W skali całego kraju w latach 2017–2021 oddano do użytku zaledwie 16 tys. mieszkań społecznych. Autorzy raportu wskazują, że ożywienie w społecznym sektorze budownictwa mieszkaniowego nastąpiło w wyniku wprowadzonych zmian prawnych poprzez wejście w życie ustawy z 10 grudnia 2020 r. o zmianie niektórych ustaw wspierających rozwój mieszkalnictwa.
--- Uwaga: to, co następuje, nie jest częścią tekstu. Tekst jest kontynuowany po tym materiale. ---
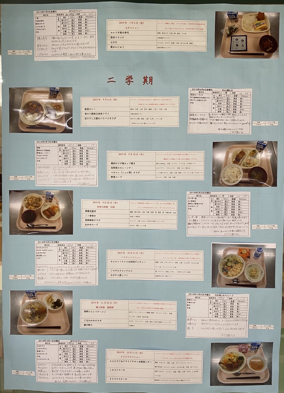 給食紹介ポスター 投稿 2020年05月29日 14:44 5月28日(木) 本校の食堂「Buono」の方々が さとえ学園小学校の 給食メニュー紹介ポスターを 作ってくれました。 ポスターには 昨年度の人気給食メニューや イベントや食育についても 書かれています。 残念ながら給食の開始は もう少し先になりそうですが 学校に登校したらぜひ このポスターを見て くださいね! lineで送る シェアする ポストする メールで送る

Zgodnie z danymi Ministerstwa Rozwoju i Technologii w samym 2021 r. rozpoczęto realizację niemal tylu mieszkań, ile wcześniej wybudowano w ciągu 5 lat.

- Mając na uwadze, że przeciętny czas trwania budowy nowych budynków mieszkalnych wielorodzinnych w 2021 r. wynosił 24 miesiące, od 2023 r. możemy spodziewać się znaczącego wzrostu liczby oddawanych do użytku mieszkań w tym sektorze – przewidują autorzy raportu.
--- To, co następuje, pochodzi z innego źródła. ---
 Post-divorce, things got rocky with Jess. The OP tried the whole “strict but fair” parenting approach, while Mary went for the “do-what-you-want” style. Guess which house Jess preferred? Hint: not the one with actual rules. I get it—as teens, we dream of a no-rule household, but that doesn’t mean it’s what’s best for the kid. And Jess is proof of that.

Czytaj w LEX:  Jarzyński Piotr, Roszczenie o sprzedaż nieruchomości na rzecz użytkownika wieczystego (czyli drugi etap reformy uwłaszczeniowej) >

 

Gminy kluczowym graczem

Autorzy raportu wskazują, że gminy obecnie mogą się stać kluczowym graczem w dążeniach do poprawy sytuacji mieszkaniowej w kraju. A to dlatego, że tylko one samodzielnie lub poprzez swoje spółki komunalne TBS/SIM lub inne, zajmują się w kraju zaspokajaniem potrzeb mieszkaniowych nisko i średnio zarabiających obywateli. Po drugie, poprzez zakres swoich działań obligatoryjnych w szeroko rozumianym otoczeniu mieszkalnictwa mają realny wpływ na rozwój sektora prywatnego. Po trzecie, jak mają kompetencje do współpracy z innymi sektorami w celu rozwoju mieszkalnictwa.
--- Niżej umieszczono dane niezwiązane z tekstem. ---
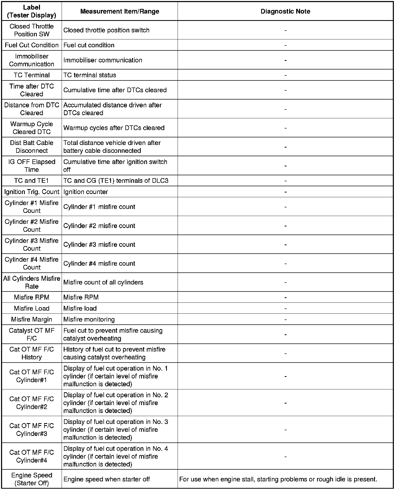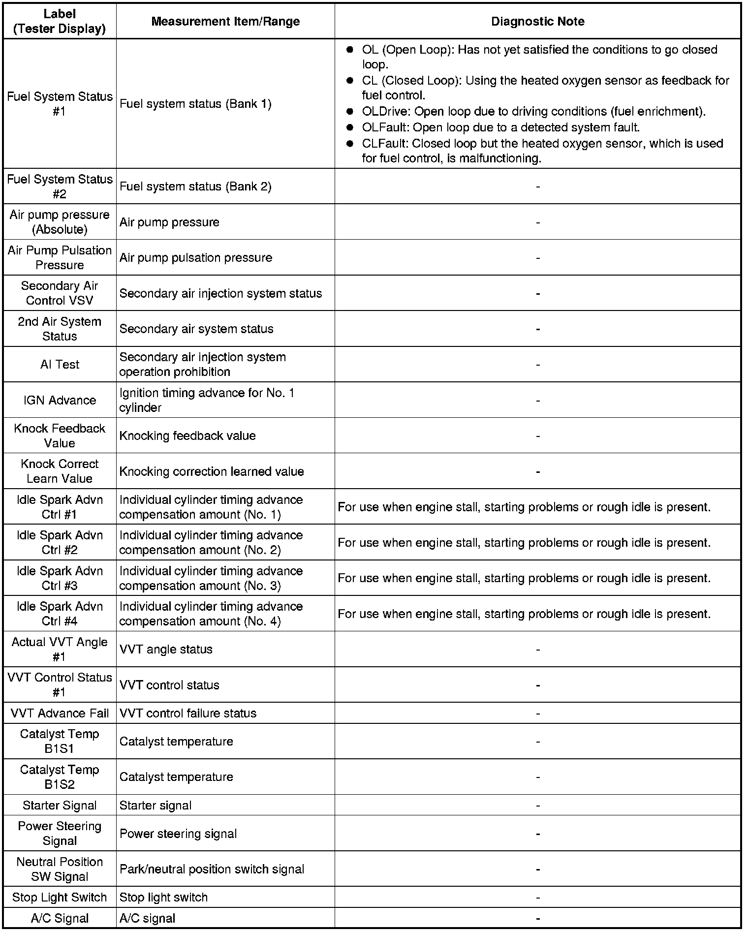 Freeze frame data records the engine conditions (fuel system information, calculated load, engine coolant temperature, fuel trim, engine speed, vehicle speed, etc.) when a malfunction is detected. When troubleshooting, it can help determine if the vehicle was moving or stationary, if the engine was warmed up or not, if the air-fuel ratio was Lean or Rich, and other data from the time the malfunction occurred.

Czytaj w LEX: Zmiany w programach budownictwa społecznego >

O ile 40 proc. ze 482 badanych miast w latach 2017–2021 korzystało z dostępnych instrumentów wsparcia mieszkalnictwa. To w perspektywie lat 2022–2024 znacząco wzrosło zainteresowanie zewnętrznymi źródłami finasowania – chęć skorzystania z nich zgłosiło już 70 proc. badanych miast.

Spodziewany boom w szeroko rozumianym budownictwie społecznym może trwale zmienić postawy samorządów wobec traktowania mieszkalnictwa jako siły rozwojowej. Będzie miał też korzystny wpływ na całą gospodarkę, ponieważ w warunkach wysokich cen i niedoboru mieszkań działania propodażowe przynoszą korzystniejsze efekty gospodarcze.